#### Information given ####
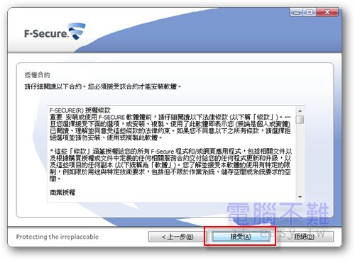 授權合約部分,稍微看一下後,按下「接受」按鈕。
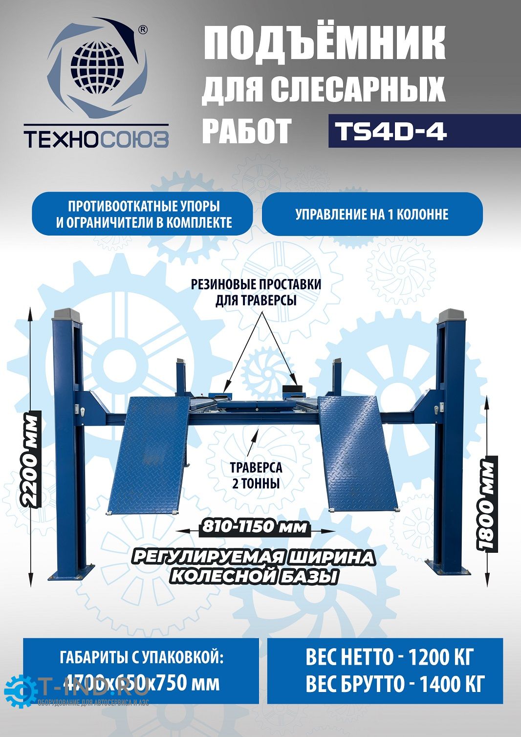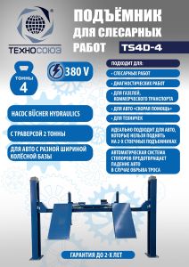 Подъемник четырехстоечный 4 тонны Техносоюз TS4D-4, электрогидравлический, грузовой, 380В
####
#### Information given ####
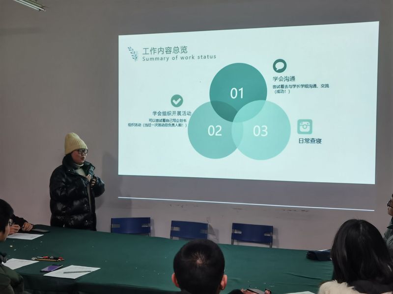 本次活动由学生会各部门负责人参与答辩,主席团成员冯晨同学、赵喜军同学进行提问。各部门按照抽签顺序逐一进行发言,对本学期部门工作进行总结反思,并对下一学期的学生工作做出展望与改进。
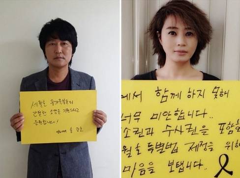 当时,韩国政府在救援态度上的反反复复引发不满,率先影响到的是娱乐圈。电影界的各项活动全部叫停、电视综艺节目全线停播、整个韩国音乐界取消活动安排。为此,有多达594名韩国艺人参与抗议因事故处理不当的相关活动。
####
◆ Prompt
Look above for the line with "本次活动由学生会各部门负责人" and the line with "当时,韩国政府在救援态度上的". Copy them and every line between, exactly, but no pictures.

◆ Finished task
 本次活动由学生会各部门负责人参与答辩,主席团成员冯晨同学、赵喜军同学进行提问。各部门按照抽签顺序逐一进行发言,对本学期部门工作进行总结反思,并对下一学期的学生工作做出展望与改进。
 当时,韩国政府在救援态度上的反反复复引发不满,率先影响到的是娱乐圈。电影界的各项活动全部叫停、电视综艺节目全线停播、整个韩国音乐界取消活动安排。为此,有多达594名韩国艺人参与抗议因事故处理不当的相关活动。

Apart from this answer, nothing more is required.